Task statement →
When you reach the line below that has "We observed the", start returning lines exactly, and stop after the line that has "Beim echten Isfahan-Orientteppich"; skip the pictures.

Material for the task →
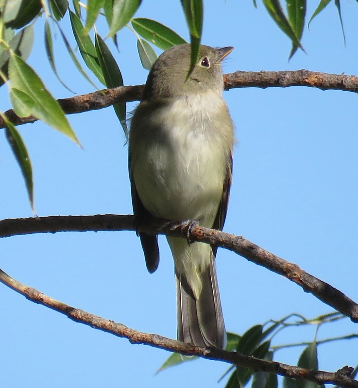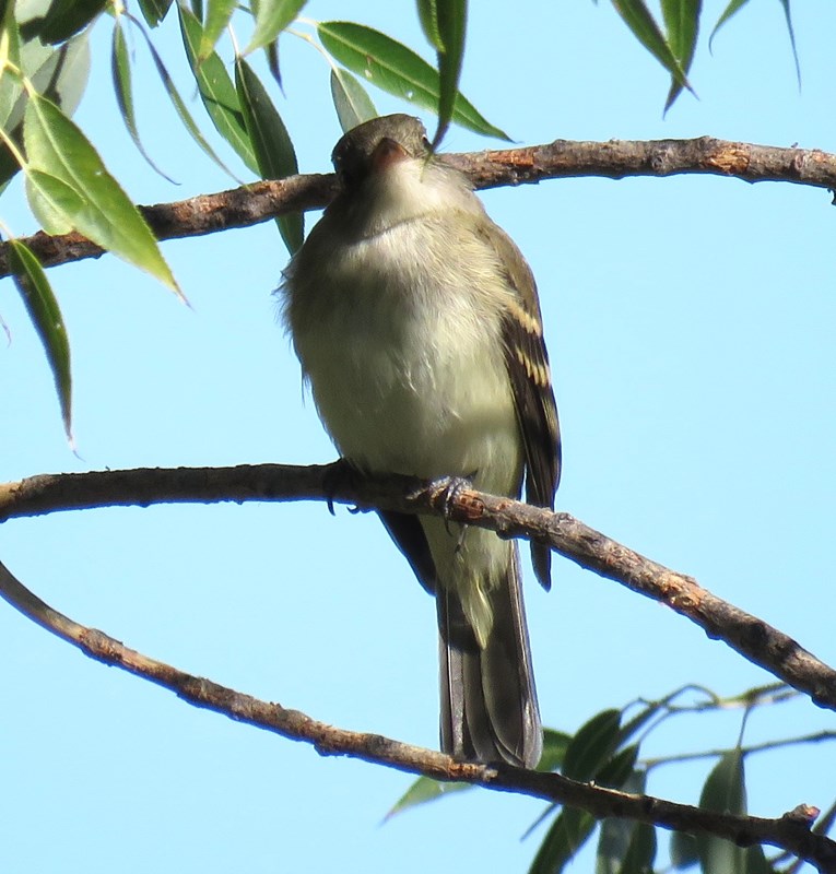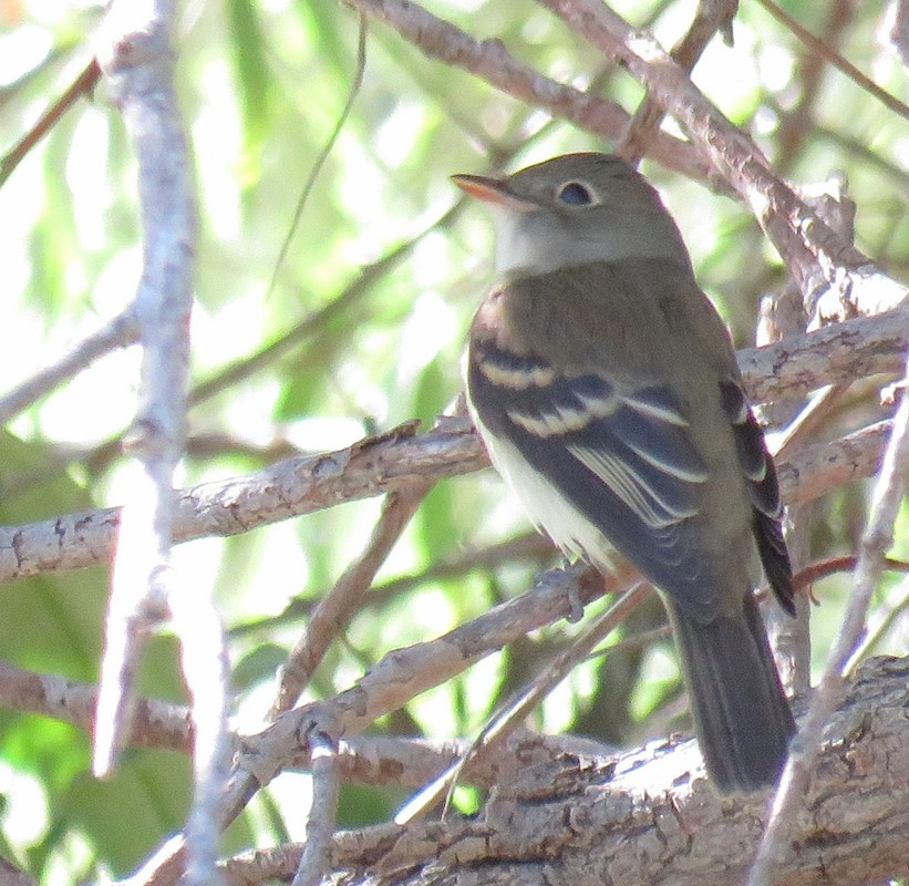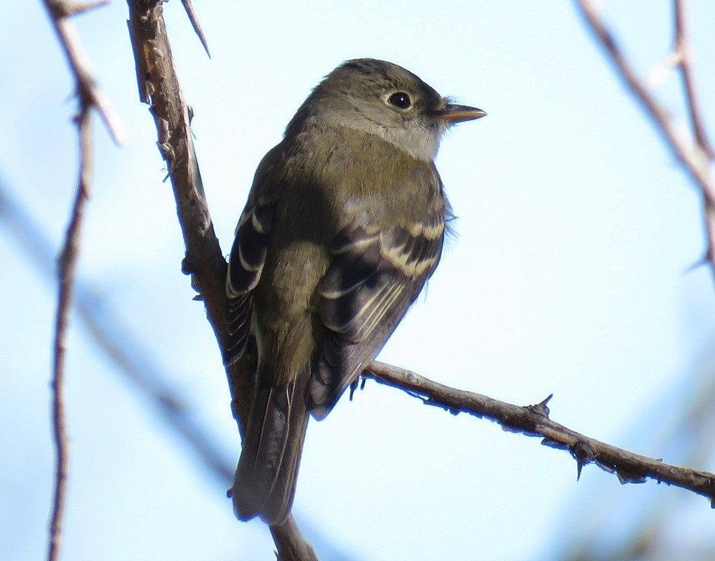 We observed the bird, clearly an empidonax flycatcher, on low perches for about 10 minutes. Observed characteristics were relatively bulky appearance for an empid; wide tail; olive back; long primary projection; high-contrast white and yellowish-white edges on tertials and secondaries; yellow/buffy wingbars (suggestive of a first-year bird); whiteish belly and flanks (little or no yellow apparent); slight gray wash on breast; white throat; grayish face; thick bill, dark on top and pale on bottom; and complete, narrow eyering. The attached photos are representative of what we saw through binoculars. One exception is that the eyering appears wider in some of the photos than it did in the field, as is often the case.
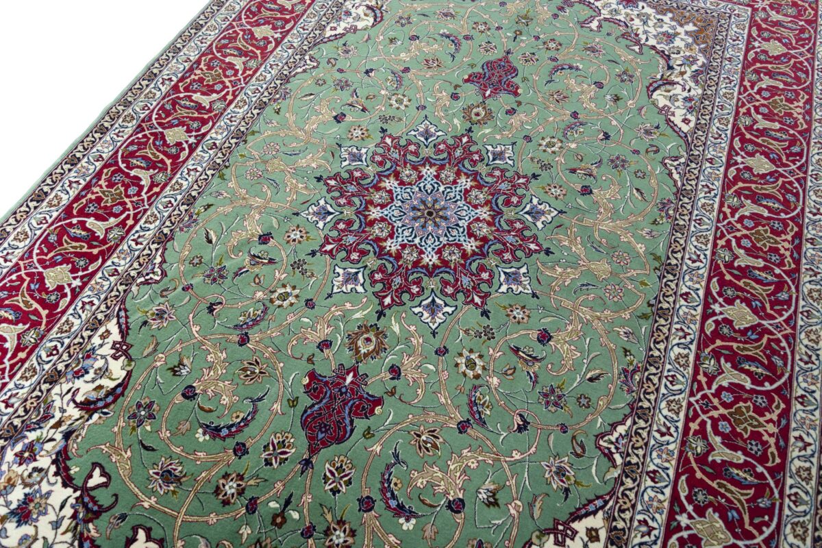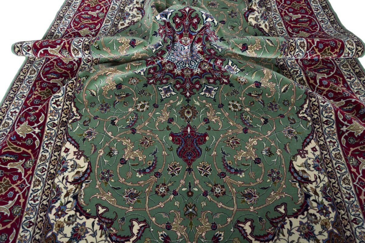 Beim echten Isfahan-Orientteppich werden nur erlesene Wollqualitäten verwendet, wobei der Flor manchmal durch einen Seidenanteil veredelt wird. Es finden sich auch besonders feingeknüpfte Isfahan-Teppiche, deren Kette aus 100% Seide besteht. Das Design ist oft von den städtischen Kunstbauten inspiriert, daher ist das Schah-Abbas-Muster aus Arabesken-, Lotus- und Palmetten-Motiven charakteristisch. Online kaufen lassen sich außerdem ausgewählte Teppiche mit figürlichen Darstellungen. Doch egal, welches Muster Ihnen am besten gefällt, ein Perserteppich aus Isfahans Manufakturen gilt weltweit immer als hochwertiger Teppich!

--

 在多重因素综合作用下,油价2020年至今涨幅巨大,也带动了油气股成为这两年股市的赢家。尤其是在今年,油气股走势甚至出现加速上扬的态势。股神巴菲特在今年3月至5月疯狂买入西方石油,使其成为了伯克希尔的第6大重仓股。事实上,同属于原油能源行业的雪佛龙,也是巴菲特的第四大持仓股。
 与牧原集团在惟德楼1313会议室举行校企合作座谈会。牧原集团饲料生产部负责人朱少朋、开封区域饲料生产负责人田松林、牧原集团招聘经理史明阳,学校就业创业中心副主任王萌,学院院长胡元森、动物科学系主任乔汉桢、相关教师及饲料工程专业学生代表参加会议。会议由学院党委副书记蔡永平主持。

---

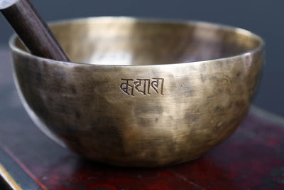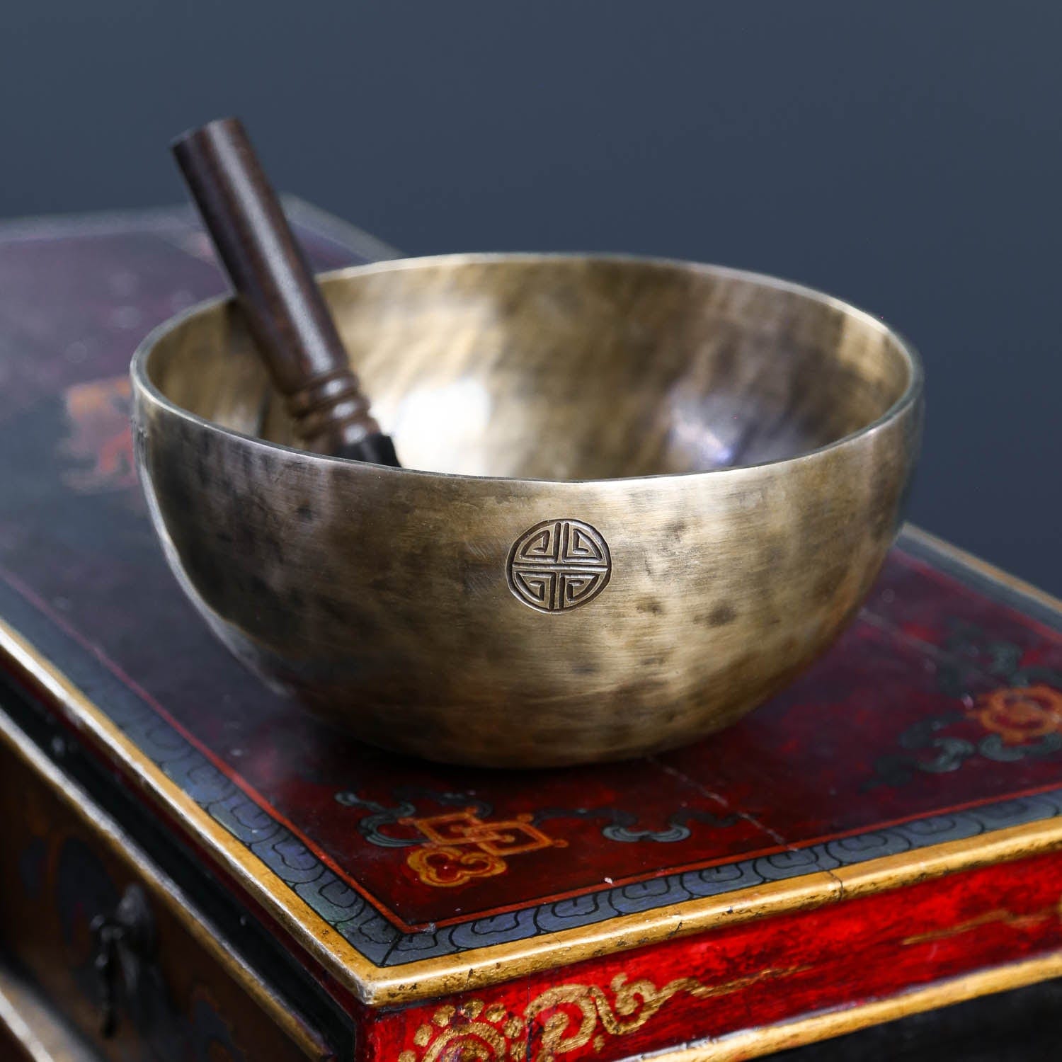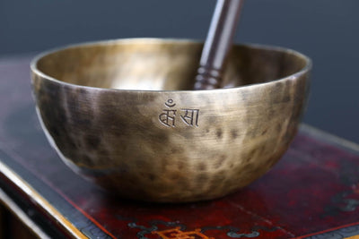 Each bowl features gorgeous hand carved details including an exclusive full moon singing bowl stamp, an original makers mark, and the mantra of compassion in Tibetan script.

Solution for this exercise →
 We observed the bird, clearly an empidonax flycatcher, on low perches for about 10 minutes. Observed characteristics were relatively bulky appearance for an empid; wide tail; olive back; long primary projection; high-contrast white and yellowish-white edges on tertials and secondaries; yellow/buffy wingbars (suggestive of a first-year bird); whiteish belly and flanks (little or no yellow apparent); slight gray wash on breast; white throat; grayish face; thick bill, dark on top and pale on bottom; and complete, narrow eyering. The attached photos are representative of what we saw through binoculars. One exception is that the eyering appears wider in some of the photos than it did in the field, as is often the case.
 Beim echten Isfahan-Orientteppich werden nur erlesene Wollqualitäten verwendet, wobei der Flor manchmal durch einen Seidenanteil veredelt wird. Es finden sich auch besonders feingeknüpfte Isfahan-Teppiche, deren Kette aus 100% Seide besteht. Das Design ist oft von den städtischen Kunstbauten inspiriert, daher ist das Schah-Abbas-Muster aus Arabesken-, Lotus- und Palmetten-Motiven charakteristisch. Online kaufen lassen sich außerdem ausgewählte Teppiche mit figürlichen Darstellungen. Doch egal, welches Muster Ihnen am besten gefällt, ein Perserteppich aus Isfahans Manufakturen gilt weltweit immer als hochwertiger Teppich!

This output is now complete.